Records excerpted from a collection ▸
========
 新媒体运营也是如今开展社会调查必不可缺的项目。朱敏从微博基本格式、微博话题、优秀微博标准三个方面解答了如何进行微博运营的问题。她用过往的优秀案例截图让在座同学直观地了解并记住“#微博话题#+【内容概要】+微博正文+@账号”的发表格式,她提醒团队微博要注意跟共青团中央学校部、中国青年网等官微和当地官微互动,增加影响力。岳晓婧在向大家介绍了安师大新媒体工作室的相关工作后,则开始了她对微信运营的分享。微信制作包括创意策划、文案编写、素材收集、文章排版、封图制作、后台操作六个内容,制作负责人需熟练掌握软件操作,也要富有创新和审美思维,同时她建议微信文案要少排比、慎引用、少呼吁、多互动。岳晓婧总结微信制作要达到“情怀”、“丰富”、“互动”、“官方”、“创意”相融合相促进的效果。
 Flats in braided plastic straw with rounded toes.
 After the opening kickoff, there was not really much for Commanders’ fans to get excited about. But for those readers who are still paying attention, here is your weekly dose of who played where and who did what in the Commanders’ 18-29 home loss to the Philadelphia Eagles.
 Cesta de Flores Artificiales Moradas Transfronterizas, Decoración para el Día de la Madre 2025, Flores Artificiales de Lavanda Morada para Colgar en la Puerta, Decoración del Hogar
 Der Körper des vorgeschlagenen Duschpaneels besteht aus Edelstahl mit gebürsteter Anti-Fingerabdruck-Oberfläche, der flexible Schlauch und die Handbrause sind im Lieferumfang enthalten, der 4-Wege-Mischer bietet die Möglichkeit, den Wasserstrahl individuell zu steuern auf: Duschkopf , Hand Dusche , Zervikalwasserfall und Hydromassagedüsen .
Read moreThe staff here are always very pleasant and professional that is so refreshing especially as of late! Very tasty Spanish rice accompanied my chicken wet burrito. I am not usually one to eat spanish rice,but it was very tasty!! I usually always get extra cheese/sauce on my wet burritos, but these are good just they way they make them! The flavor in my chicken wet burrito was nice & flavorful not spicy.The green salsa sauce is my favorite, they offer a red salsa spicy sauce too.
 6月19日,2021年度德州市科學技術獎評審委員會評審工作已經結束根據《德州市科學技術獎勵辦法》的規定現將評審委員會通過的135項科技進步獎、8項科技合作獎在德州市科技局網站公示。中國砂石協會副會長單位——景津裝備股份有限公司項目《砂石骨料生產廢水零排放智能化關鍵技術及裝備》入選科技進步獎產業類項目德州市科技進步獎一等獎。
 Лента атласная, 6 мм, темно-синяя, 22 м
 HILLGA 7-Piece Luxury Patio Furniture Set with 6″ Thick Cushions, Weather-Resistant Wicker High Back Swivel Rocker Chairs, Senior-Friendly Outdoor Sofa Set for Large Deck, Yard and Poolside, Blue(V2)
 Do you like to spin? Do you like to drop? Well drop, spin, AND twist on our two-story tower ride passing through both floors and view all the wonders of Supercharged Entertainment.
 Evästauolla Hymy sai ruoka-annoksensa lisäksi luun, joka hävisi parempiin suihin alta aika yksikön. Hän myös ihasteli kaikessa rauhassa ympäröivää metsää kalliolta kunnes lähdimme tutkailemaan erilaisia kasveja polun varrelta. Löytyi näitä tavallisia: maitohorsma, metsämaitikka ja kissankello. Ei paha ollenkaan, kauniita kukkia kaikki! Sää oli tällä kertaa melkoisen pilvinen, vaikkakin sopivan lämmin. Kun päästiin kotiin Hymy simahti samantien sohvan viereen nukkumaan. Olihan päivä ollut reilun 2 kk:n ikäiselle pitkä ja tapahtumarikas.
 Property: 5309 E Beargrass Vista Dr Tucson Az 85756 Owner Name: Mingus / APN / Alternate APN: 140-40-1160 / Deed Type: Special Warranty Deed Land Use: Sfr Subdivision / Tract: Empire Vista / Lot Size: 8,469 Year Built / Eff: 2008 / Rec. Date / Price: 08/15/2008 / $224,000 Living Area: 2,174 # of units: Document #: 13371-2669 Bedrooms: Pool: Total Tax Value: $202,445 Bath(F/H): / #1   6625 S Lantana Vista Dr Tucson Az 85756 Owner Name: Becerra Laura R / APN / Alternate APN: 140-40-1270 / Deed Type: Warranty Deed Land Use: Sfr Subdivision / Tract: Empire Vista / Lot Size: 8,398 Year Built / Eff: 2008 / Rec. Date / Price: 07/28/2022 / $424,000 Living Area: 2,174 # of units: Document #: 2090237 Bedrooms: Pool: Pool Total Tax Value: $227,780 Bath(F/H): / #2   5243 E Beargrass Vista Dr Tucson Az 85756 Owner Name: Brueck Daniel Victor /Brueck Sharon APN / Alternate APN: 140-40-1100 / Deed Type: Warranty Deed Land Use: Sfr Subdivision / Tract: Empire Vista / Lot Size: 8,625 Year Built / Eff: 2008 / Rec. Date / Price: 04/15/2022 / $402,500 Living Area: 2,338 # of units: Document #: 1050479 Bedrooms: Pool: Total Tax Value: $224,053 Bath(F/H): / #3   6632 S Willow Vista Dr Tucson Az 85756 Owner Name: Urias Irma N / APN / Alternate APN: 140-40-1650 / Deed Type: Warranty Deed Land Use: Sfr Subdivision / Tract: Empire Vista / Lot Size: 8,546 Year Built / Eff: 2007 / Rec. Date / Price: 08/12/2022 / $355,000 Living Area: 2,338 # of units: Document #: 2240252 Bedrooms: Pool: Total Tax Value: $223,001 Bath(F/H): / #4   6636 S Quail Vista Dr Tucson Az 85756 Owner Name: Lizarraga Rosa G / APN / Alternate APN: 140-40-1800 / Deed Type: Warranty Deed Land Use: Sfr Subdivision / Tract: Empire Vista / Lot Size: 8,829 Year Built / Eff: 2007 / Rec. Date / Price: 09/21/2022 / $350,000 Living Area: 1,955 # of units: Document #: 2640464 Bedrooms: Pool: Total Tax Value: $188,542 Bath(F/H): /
========
Task requirements ▸ Retype all of the entries exactly, please.

Final answer ▸
 新媒体运营也是如今开展社会调查必不可缺的项目。朱敏从微博基本格式、微博话题、优秀微博标准三个方面解答了如何进行微博运营的问题。她用过往的优秀案例截图让在座同学直观地了解并记住“#微博话题#+【内容概要】+微博正文+@账号”的发表格式,她提醒团队微博要注意跟共青团中央学校部、中国青年网等官微和当地官微互动,增加影响力。岳晓婧在向大家介绍了安师大新媒体工作室的相关工作后,则开始了她对微信运营的分享。微信制作包括创意策划、文案编写、素材收集、文章排版、封图制作、后台操作六个内容,制作负责人需熟练掌握软件操作,也要富有创新和审美思维,同时她建议微信文案要少排比、慎引用、少呼吁、多互动。岳晓婧总结微信制作要达到“情怀”、“丰富”、“互动”、“官方”、“创意”相融合相促进的效果。
 Flats in braided plastic straw with rounded toes.
 After the opening kickoff, there was not really much for Commanders’ fans to get excited about. But for those readers who are still paying attention, here is your weekly dose of who played where and who did what in the Commanders’ 18-29 home loss to the Philadelphia Eagles.
 Cesta de Flores Artificiales Moradas Transfronterizas, Decoración para el Día de la Madre 2025, Flores Artificiales de Lavanda Morada para Colgar en la Puerta, Decoración del Hogar
 Der Körper des vorgeschlagenen Duschpaneels besteht aus Edelstahl mit gebürsteter Anti-Fingerabdruck-Oberfläche, der flexible Schlauch und die Handbrause sind im Lieferumfang enthalten, der 4-Wege-Mischer bietet die Möglichkeit, den Wasserstrahl individuell zu steuern auf: Duschkopf , Hand Dusche , Zervikalwasserfall und Hydromassagedüsen .
Read moreThe staff here are always very pleasant and professional that is so refreshing especially as of late! Very tasty Spanish rice accompanied my chicken wet burrito. I am not usually one to eat spanish rice,but it was very tasty!! I usually always get extra cheese/sauce on my wet burritos, but these are good just they way they make them! The flavor in my chicken wet burrito was nice & flavorful not spicy.The green salsa sauce is my favorite, they offer a red salsa spicy sauce too.
 6月19日,2021年度德州市科學技術獎評審委員會評審工作已經結束根據《德州市科學技術獎勵辦法》的規定現將評審委員會通過的135項科技進步獎、8項科技合作獎在德州市科技局網站公示。中國砂石協會副會長單位——景津裝備股份有限公司項目《砂石骨料生產廢水零排放智能化關鍵技術及裝備》入選科技進步獎產業類項目德州市科技進步獎一等獎。
 Лента атласная, 6 мм, темно-синяя, 22 м
 HILLGA 7-Piece Luxury Patio Furniture Set with 6″ Thick Cushions, Weather-Resistant Wicker High Back Swivel Rocker Chairs, Senior-Friendly Outdoor Sofa Set for Large Deck, Yard and Poolside, Blue(V2)
 Do you like to spin? Do you like to drop? Well drop, spin, AND twist on our two-story tower ride passing through both floors and view all the wonders of Supercharged Entertainment.
 Evästauolla Hymy sai ruoka-annoksensa lisäksi luun, joka hävisi parempiin suihin alta aika yksikön. Hän myös ihasteli kaikessa rauhassa ympäröivää metsää kalliolta kunnes lähdimme tutkailemaan erilaisia kasveja polun varrelta. Löytyi näitä tavallisia: maitohorsma, metsämaitikka ja kissankello. Ei paha ollenkaan, kauniita kukkia kaikki! Sää oli tällä kertaa melkoisen pilvinen, vaikkakin sopivan lämmin. Kun päästiin kotiin Hymy simahti samantien sohvan viereen nukkumaan. Olihan päivä ollut reilun 2 kk:n ikäiselle pitkä ja tapahtumarikas.
 Property: 5309 E Beargrass Vista Dr Tucson Az 85756 Owner Name: Mingus / APN / Alternate APN: 140-40-1160 / Deed Type: Special Warranty Deed Land Use: Sfr Subdivision / Tract: Empire Vista / Lot Size: 8,469 Year Built / Eff: 2008 / Rec. Date / Price: 08/15/2008 / $224,000 Living Area: 2,174 # of units: Document #: 13371-2669 Bedrooms: Pool: Total Tax Value: $202,445 Bath(F/H): / #1   6625 S Lantana Vista Dr Tucson Az 85756 Owner Name: Becerra Laura R / APN / Alternate APN: 140-40-1270 / Deed Type: Warranty Deed Land Use: Sfr Subdivision / Tract: Empire Vista / Lot Size: 8,398 Year Built / Eff: 2008 / Rec. Date / Price: 07/28/2022 / $424,000 Living Area: 2,174 # of units: Document #: 2090237 Bedrooms: Pool: Pool Total Tax Value: $227,780 Bath(F/H): / #2   5243 E Beargrass Vista Dr Tucson Az 85756 Owner Name: Brueck Daniel Victor /Brueck Sharon APN / Alternate APN: 140-40-1100 / Deed Type: Warranty Deed Land Use: Sfr Subdivision / Tract: Empire Vista / Lot Size: 8,625 Year Built / Eff: 2008 / Rec. Date / Price: 04/15/2022 / $402,500 Living Area: 2,338 # of units: Document #: 1050479 Bedrooms: Pool: Total Tax Value: $224,053 Bath(F/H): / #3   6632 S Willow Vista Dr Tucson Az 85756 Owner Name: Urias Irma N / APN / Alternate APN: 140-40-1650 / Deed Type: Warranty Deed Land Use: Sfr Subdivision / Tract: Empire Vista / Lot Size: 8,546 Year Built / Eff: 2007 / Rec. Date / Price: 08/12/2022 / $355,000 Living Area: 2,338 # of units: Document #: 2240252 Bedrooms: Pool: Total Tax Value: $223,001 Bath(F/H): / #4   6636 S Quail Vista Dr Tucson Az 85756 Owner Name: Lizarraga Rosa G / APN / Alternate APN: 140-40-1800 / Deed Type: Warranty Deed Land Use: Sfr Subdivision / Tract: Empire Vista / Lot Size: 8,829 Year Built / Eff: 2007 / Rec. Date / Price: 09/21/2022 / $350,000 Living Area: 1,955 # of units: Document #: 2640464 Bedrooms: Pool: Total Tax Value: $188,542 Bath(F/H): /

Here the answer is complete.